Material supplied
------------

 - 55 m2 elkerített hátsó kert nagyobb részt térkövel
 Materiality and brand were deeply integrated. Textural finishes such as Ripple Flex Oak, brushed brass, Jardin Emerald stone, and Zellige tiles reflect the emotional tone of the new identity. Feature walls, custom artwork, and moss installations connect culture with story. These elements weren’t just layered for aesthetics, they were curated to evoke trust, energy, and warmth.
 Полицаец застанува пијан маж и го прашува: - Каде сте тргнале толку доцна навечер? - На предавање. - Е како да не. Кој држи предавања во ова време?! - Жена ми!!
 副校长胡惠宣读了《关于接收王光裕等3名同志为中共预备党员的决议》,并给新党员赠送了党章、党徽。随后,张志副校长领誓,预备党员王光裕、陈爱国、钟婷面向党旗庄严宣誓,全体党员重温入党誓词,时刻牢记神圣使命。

------------

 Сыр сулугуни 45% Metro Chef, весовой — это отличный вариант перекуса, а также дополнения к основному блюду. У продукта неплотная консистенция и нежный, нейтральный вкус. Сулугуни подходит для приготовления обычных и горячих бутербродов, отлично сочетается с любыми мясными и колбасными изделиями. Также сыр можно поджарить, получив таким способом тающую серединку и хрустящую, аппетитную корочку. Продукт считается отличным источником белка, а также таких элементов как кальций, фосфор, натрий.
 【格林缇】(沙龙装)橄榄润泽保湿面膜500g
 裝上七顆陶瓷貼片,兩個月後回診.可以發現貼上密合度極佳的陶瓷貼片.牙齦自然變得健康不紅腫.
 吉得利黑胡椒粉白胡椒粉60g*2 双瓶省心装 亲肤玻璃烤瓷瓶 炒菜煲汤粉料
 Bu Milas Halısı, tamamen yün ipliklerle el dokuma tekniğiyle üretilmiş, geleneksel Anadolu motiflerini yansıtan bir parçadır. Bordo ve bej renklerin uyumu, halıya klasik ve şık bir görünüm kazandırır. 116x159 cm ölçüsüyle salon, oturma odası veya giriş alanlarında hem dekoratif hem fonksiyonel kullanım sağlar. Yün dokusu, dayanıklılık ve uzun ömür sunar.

------------

Task instructions
Reproduce exactly the entries above, limited to the lines from the one with "Полицаец застанува пијан" through the one with "副校长胡惠宣读了《关于接收王", both included.

Solved exercise
 Полицаец застанува пијан маж и го прашува: - Каде сте тргнале толку доцна навечер? - На предавање. - Е како да не. Кој држи предавања во ова време?! - Жена ми!!
 副校长胡惠宣读了《关于接收王光裕等3名同志为中共预备党员的决议》,并给新党员赠送了党章、党徽。随后,张志副校长领誓,预备党员王光裕、陈爱国、钟婷面向党旗庄严宣誓,全体党员重温入党誓词,时刻牢记神圣使命。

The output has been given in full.